Canada's national cyber agency, the Canadian Centre for Cyber Security, has published its National Cyber Threat Assessment. It is written for the whole country, but a few of its findings land squarely on small businesses.
What the assessment says
Ransomware is named the top cybercrime threat to Canadian organizations. Canadian ransomware incidents grew roughly 26% a year between 2021 and 2024, and the average ransom paid in Canada reached about $1.13 million in 2023, more than double the figure two years earlier. Fraud losses across Canada climbed from $383 million in 2021 to $567 million in 2023. The direction of travel is clear, and it is not improving.

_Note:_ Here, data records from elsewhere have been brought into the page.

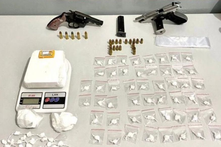 Um dos suspeitos foi detido. Foram apreendidas duas armas de fogo, sendo uma pistola e um revólver calibre .38, além de grande quantidade de substância análoga a cocaína.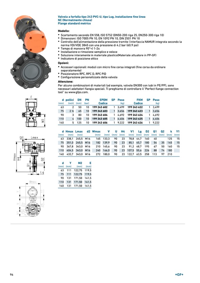 Valvola a farfalla tipo 243 PVC-U, tipo Lug, installazione fine linea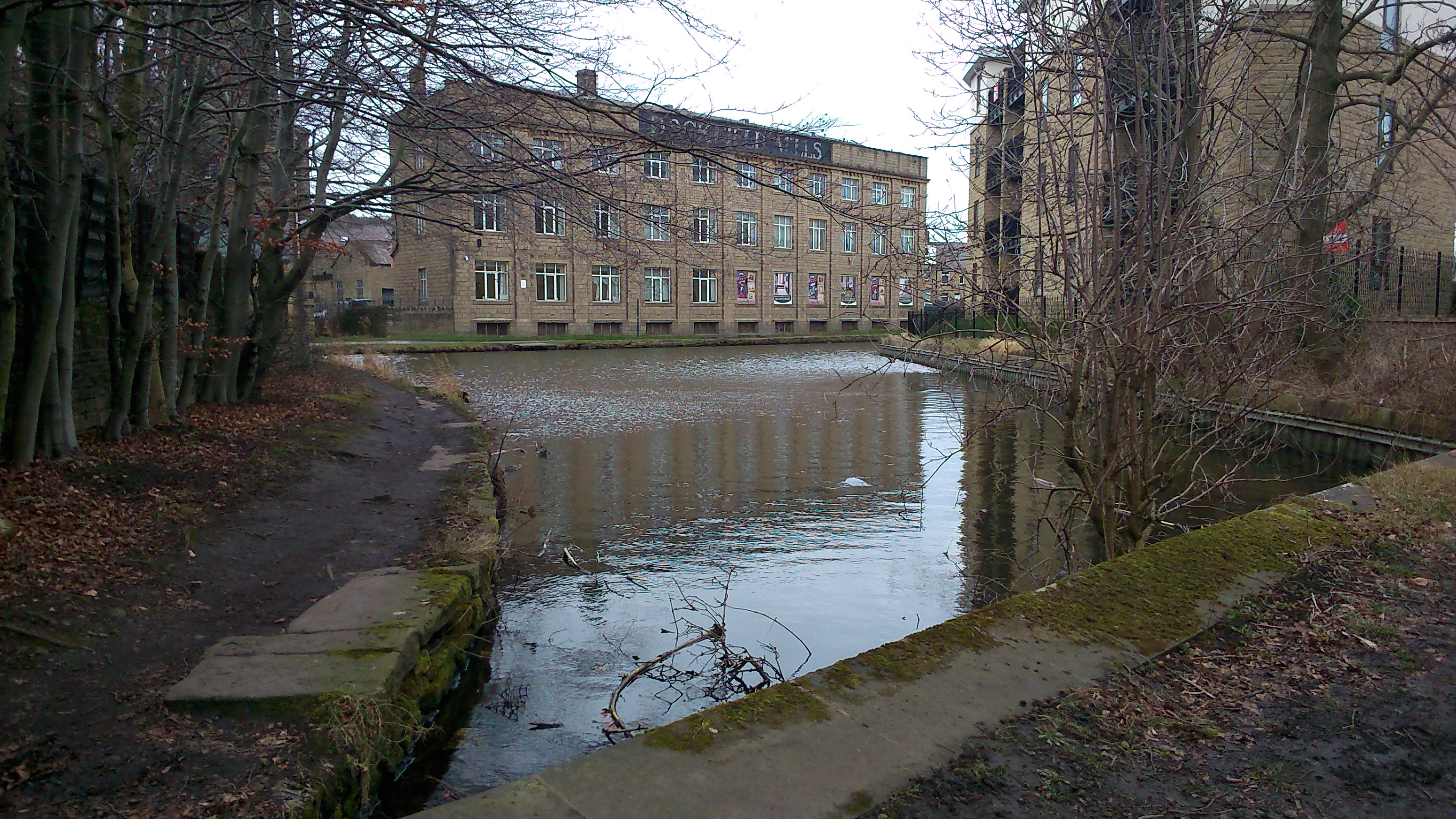 It was actually really interesting to talk with Mary immediately after she’d interviewed David Clapham (below, left). David is a scientist and water specialist who used to work with Bradford Council: he was really excellent at talking about the material and dynamic properties of water, in an engaging rather than a “dry” way (sorry). Eddie and I were then able to follow up from the cultural point of view, by talking not about “water” singular but about “waters” plural — as they were traditionally thought of, in the days before H2O was seen as a unified resource. (Of course waters still do vary in property and character from place to place, depending on mineral qualities etc.) Eddie’s songs often give particular watercourses personal identities, by singing in the first person: “My name is Bradford Beck… If you’re wondering what the heck I’m doing singing this song, it’s cos I have to roll along, incognito… Beneath the city streets, with no credibility…”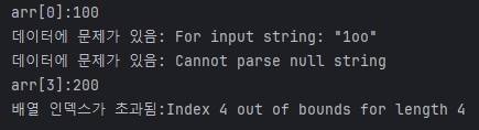 System.out.println("데이터에 문제가 있음: " + e.getMessage());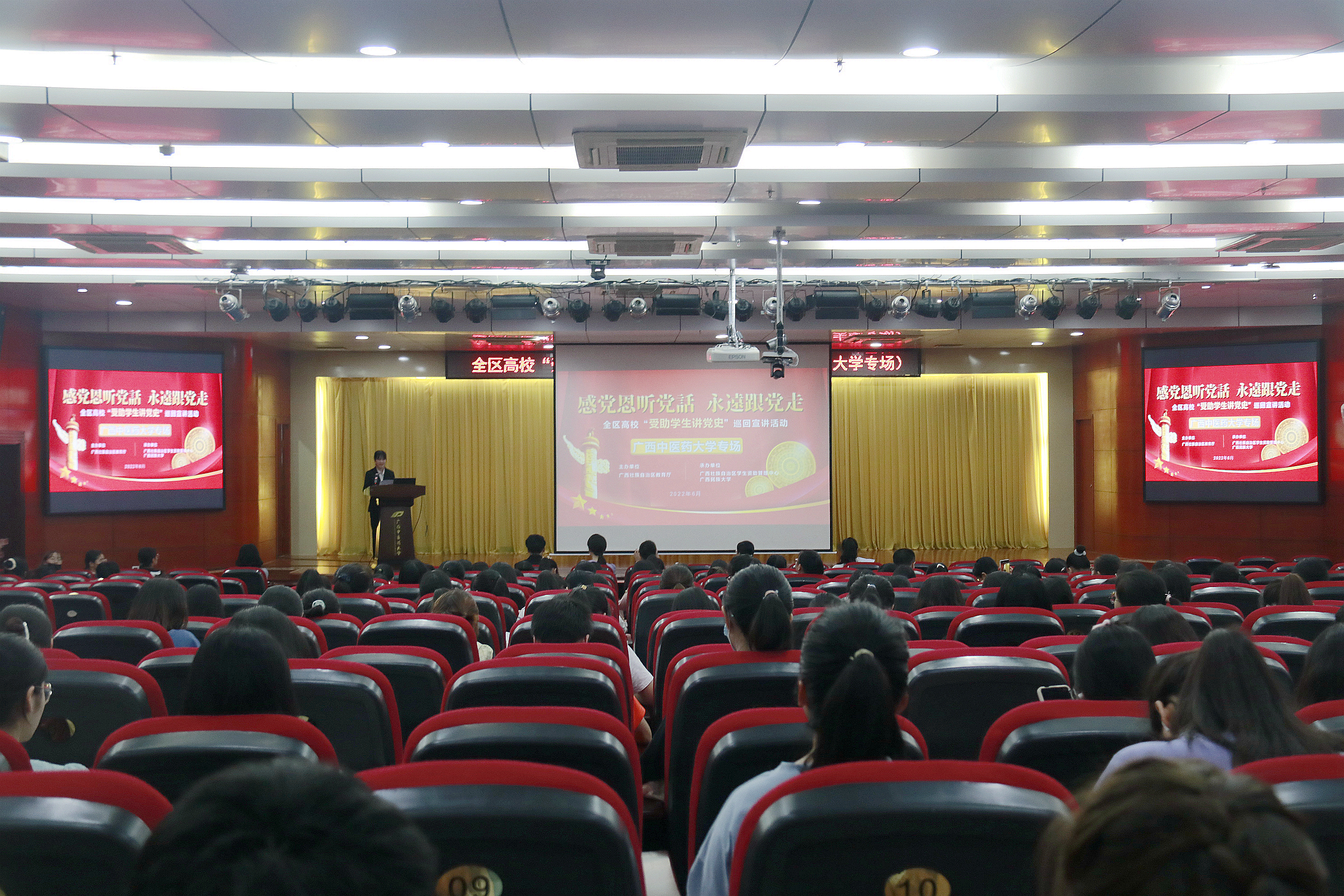 为深入学习贯彻习近平总书记在庆祝中国共产党成立100周年大会上的重要讲话精神和党的十九届六中全会精神,进一步创新资助育人方式,6月17日下午,全区高校“受助学生讲党史”巡回宣讲在我校仙葫校区图书馆第二会议室顺利开展。参加本次宣讲活动的学校师生总计200余人。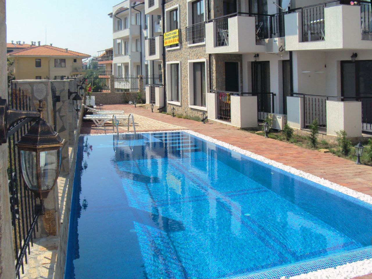 Район комплекса отличается развитой инфраструктурой: поблизости расположены магазины, кафе, рестораны, аптеки и остановки общественного транспорта. До пляжа можно дойти пешком, а рядом находятся природные зоны и прогулочные аллеи. Тихое расположение при этом обеспечивает лёгкий доступ к центру Солнечного берега и всем развлечениям курорта.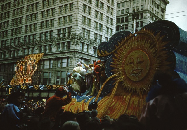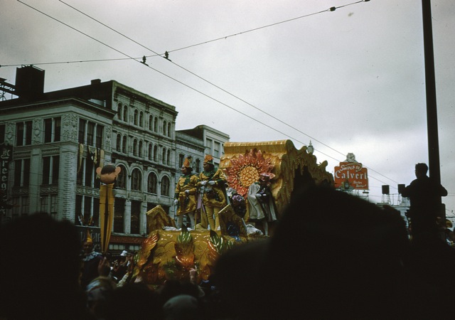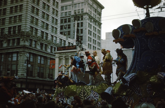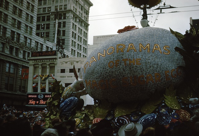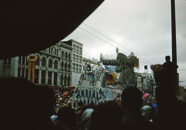 Update: I think I have dated these photos to 1952. The Krewe of Rex had as their theme that year “Panoramas of the Magic Sugar Egg,” (see this page) and same egg is shown in the fourth photo below. That would mean that these are exactly sixty years old, which vindicates the title.

Why this reaches a business your size
The report puts a name to something that should worry smaller firms: cybercrime-as-a-service. Ready-made phishing and ransomware tools are now sold online, which the assessment says has "almost certainly increased the number of actors participating in cybercrime by lowering the barrier to entry." In plain terms, an attacker no longer needs skill or a big target to make money. They rent a tool and run automated campaigns that hit thousands of softer targets at once, and a small business with thinner defenses is exactly that. The assessment also flags AI-written phishing that now mimics real writing convincingly, removing the old typo-and-bad-grammar tell.
It is not just theory
The assessment points to real Canadian incidents to make the point. Ransomware disrupted payment processing at Petro-Canada stations (Suncor, 2023), forced London Drugs to close stores (LockBit, 2024), and hit Ontario hospitals (2023). If organizations that size and sophistication get knocked over, a small business counting on "we're too small to bother with" is not as safe as it feels.